И теперь, почему мы вернулись на четыреста с лишним лет назад, чтобы так долго задерживаться с секретарем Великого церковного собора Базеля, в этом причудливом и странном старом городе с его наполовину французским, наполовину немецким видом, его величественными, гротескными старыми церквями, увешанными рыцарскими щитами и заполненными женщинами, каждая в своей собственной кафедре, его крышами, увенчанными аистами, его домами, сияющими кованым золотом и серебром, его шестьюдесятью фонтанами и великолепием, в котором, не имея двора, он соперничал с богатейшими столицами Италии, его благородными и любящими удовольствия, но простодушными и необразованными бюргерами, его белоногими красавицами и его обманчивыми часами? Это не потому, что этот город сейчас является одной из главных ленточных фабрик мира и экспортирует только в эту страну ежегодно товаров на сумму более 1 200 000 долларов; хотя некоторые прекрасные читательницы могут предположить, что это вполне достаточная причина — как, впрочем, и некоторые из их поклонников и защитников. Подумайте об этом! почти один миллион двести пятьдесят тысяч долларов в виде лент, поступающих к нам каждый год из одного города в Швейцарии! Этого заявления достаточно, чтобы вселить ужас и смятение в сердце и кошелек каждого отца и брата, и, прежде всего, каждого мужа, настоящего или потенциального, который об этом услышит. Это божий дар для протекционистов, которые могли бы восстановить свою партию на основе запретительного тарифа против лент. Если бы они преуспели, их успех был бы блестящим; ибо если бы наши прекрасные тираны не могли получить ленты — эти предметы первой необходимости — из Базеля в Швейцарии, они бы дразнили и уговаривали нас построить им Базель в Америке; и мы бы это сделали.

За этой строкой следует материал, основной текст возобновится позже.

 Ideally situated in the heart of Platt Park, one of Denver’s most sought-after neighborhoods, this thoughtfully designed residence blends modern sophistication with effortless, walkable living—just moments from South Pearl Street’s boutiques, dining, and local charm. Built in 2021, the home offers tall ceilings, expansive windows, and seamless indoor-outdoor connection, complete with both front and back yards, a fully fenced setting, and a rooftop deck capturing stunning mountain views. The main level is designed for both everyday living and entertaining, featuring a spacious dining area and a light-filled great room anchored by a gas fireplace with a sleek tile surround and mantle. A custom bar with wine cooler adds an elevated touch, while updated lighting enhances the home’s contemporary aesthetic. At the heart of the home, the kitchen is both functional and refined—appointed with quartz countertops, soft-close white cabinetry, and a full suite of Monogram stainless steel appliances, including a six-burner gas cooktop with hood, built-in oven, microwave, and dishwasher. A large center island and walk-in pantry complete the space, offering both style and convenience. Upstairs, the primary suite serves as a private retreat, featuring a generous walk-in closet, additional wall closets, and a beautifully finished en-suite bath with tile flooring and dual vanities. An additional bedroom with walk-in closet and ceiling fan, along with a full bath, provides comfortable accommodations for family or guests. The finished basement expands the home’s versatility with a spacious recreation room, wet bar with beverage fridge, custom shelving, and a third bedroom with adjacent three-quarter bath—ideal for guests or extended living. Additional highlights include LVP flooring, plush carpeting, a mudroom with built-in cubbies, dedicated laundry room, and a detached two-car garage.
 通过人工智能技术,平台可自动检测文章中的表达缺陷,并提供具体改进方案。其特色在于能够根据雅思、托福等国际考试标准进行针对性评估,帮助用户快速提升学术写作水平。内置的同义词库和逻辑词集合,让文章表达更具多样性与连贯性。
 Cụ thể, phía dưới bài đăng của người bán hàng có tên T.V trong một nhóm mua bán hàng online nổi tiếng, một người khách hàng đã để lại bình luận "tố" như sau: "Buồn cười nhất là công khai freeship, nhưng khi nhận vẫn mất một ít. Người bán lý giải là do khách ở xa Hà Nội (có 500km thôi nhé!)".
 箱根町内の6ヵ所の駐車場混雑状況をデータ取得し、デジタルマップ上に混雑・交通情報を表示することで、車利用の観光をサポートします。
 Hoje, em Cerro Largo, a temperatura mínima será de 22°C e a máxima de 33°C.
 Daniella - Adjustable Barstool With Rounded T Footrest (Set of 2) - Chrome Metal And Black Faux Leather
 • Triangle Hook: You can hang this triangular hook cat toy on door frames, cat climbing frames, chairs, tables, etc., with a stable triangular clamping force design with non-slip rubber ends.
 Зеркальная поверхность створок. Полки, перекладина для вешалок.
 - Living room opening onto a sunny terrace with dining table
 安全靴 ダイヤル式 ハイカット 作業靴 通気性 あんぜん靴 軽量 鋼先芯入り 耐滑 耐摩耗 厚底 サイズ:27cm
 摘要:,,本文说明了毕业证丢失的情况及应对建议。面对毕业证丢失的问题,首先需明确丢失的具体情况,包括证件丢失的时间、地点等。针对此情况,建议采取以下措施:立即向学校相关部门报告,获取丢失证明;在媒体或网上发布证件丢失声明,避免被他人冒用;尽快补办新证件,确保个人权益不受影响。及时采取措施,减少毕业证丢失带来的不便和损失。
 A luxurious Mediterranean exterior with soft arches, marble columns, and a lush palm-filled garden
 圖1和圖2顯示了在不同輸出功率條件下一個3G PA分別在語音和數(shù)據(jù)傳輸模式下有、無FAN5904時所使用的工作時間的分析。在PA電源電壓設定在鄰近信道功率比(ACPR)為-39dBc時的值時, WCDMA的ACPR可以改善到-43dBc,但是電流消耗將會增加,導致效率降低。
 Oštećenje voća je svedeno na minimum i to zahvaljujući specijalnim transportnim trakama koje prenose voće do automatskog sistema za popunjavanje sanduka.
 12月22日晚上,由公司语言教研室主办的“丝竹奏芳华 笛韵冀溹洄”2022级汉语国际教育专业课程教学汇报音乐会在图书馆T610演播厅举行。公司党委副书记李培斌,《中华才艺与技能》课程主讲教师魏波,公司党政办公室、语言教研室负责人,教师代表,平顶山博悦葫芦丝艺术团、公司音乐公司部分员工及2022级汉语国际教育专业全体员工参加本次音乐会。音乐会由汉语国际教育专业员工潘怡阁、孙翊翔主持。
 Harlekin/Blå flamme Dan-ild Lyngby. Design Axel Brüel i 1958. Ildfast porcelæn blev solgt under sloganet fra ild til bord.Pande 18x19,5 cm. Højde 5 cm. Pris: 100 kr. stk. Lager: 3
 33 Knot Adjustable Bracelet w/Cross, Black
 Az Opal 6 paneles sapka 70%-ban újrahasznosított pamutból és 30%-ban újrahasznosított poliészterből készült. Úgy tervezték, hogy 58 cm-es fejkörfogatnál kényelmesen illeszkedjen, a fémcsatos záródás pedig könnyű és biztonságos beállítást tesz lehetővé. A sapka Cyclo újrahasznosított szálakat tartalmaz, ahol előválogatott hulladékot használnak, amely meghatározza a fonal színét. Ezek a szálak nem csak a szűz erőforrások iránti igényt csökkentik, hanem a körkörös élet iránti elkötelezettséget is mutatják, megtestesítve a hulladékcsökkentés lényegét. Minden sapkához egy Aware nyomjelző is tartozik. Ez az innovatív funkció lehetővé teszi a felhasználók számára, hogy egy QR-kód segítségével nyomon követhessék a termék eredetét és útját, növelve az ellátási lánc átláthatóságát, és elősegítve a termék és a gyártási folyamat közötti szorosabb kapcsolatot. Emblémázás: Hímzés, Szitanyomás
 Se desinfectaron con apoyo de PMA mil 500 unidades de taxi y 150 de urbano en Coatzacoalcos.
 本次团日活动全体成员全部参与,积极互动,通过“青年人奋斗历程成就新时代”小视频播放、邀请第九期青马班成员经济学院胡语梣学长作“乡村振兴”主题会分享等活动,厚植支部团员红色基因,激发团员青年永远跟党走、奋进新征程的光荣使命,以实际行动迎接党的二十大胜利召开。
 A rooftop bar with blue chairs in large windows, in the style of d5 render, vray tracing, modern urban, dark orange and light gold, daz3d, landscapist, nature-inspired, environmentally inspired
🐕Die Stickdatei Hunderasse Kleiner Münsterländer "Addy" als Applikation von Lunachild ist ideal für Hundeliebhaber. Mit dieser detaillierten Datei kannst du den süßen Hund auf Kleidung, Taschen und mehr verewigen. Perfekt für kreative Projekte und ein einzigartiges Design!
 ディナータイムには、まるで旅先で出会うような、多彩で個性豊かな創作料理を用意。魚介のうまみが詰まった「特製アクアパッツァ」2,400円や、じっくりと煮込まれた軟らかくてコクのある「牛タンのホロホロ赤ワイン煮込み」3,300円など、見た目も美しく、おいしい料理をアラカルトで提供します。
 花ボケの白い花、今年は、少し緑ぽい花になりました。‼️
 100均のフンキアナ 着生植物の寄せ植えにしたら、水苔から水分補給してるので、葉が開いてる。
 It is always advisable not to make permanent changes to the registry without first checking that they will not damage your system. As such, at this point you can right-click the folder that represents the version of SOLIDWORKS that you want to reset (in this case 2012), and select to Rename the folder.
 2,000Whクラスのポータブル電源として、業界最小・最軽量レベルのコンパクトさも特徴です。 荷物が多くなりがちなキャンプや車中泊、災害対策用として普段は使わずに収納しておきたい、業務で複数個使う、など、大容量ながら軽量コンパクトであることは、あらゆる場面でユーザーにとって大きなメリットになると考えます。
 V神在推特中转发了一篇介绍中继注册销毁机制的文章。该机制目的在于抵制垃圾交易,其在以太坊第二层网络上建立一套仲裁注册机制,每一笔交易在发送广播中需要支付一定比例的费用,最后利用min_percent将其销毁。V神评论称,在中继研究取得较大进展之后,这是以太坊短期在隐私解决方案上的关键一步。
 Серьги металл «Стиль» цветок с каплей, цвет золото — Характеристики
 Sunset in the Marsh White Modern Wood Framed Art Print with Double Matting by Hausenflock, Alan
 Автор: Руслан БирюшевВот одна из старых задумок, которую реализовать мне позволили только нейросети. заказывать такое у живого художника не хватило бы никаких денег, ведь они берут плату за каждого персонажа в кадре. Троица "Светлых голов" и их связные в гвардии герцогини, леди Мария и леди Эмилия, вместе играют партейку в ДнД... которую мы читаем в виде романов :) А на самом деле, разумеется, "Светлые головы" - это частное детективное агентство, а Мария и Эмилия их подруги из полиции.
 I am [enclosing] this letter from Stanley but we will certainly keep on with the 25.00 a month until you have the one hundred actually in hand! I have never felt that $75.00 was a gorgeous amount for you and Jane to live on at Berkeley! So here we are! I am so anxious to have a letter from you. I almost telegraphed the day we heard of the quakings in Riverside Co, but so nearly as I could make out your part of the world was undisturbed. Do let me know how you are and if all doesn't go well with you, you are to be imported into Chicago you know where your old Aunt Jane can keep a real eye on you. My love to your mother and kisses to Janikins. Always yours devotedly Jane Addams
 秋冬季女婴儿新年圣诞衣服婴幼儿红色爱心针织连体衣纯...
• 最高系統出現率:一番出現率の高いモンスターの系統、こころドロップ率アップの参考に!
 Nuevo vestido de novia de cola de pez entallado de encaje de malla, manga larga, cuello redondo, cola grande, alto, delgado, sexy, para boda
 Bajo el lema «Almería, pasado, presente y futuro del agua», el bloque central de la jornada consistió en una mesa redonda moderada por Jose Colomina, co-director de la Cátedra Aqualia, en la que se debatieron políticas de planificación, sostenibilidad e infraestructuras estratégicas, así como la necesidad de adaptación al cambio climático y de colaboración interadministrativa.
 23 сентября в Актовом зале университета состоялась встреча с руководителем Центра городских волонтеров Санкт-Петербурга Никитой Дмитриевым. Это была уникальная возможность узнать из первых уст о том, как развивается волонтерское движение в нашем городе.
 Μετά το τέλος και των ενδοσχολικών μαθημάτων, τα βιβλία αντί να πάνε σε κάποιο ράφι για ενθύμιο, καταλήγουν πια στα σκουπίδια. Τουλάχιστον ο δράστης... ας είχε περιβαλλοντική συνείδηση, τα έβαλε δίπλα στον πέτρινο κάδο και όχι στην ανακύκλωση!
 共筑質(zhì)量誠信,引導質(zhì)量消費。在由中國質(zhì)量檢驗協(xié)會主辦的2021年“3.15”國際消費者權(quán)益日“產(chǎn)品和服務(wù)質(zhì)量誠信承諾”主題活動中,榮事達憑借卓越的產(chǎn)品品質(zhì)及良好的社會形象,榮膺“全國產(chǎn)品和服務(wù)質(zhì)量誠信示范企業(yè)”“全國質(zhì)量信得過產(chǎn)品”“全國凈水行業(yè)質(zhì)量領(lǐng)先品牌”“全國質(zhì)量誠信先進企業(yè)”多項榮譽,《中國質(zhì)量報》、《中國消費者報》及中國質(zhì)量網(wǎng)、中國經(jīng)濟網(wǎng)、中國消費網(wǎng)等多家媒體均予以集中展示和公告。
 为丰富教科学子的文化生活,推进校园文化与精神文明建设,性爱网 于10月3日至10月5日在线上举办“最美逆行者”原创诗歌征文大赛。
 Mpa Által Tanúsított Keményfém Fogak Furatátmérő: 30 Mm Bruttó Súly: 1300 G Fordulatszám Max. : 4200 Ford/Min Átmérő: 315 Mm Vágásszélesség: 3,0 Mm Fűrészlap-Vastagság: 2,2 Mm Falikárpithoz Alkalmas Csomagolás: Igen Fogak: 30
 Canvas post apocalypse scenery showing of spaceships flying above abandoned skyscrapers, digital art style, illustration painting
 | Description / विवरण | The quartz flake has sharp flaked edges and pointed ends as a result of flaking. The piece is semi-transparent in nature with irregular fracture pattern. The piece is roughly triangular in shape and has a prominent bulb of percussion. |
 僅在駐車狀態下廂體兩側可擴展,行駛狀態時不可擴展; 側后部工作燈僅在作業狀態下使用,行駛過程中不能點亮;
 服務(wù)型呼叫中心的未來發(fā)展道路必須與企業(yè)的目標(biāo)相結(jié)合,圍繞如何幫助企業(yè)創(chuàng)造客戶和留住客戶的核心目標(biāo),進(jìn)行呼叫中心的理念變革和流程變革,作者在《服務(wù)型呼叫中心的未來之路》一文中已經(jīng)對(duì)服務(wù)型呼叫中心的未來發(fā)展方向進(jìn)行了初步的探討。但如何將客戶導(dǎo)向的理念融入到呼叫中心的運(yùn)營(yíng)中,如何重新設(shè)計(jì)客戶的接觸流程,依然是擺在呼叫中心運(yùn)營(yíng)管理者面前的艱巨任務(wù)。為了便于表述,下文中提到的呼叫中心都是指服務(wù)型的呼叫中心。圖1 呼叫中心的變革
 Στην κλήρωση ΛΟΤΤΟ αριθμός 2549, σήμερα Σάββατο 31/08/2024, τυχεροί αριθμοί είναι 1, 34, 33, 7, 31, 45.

Мы вернулись к старому Базелю четырехсотдвадцатилетней давности, потому что именно там, и вскоре после того времени — около 1498 года — согласно общему убеждению, родился Ганс Гольбейн; потому что именно в этом окружении он вырос до зрелости; и потому что там, примерно за шестьдесят лет до его рождения, была написана Пляска смерти, самый древний и важный памятник которой у нас сохранился. Эта Пляска была написана на стене кладбища Доминиканского монастыря в Большом Базеле по приказу того самого церковного Собора, секретарем которого был наш Эней Сильвий, и в память о чуме, которая посетила город во время заседаний этого Собора и унесла жизни многих его членов.

Что такое Пляска смерти? И почему Смерть должна быть изображена танцующей? Некоторые читатели могут представить себе неистовый разгул мрачных скелетов или, возможно — как я в своих мальчишеских размышлениях — вообразить безымянные фигуры со Смертью и Адом, светящимися на их лицах, каждая из которых сжимает смертного, соблазненного в свои объятия, все они порхают и кружатся под неземную музыку и постепенно удаляются через огромный таинственный мрак, пока не теряются в его ужасной неясности.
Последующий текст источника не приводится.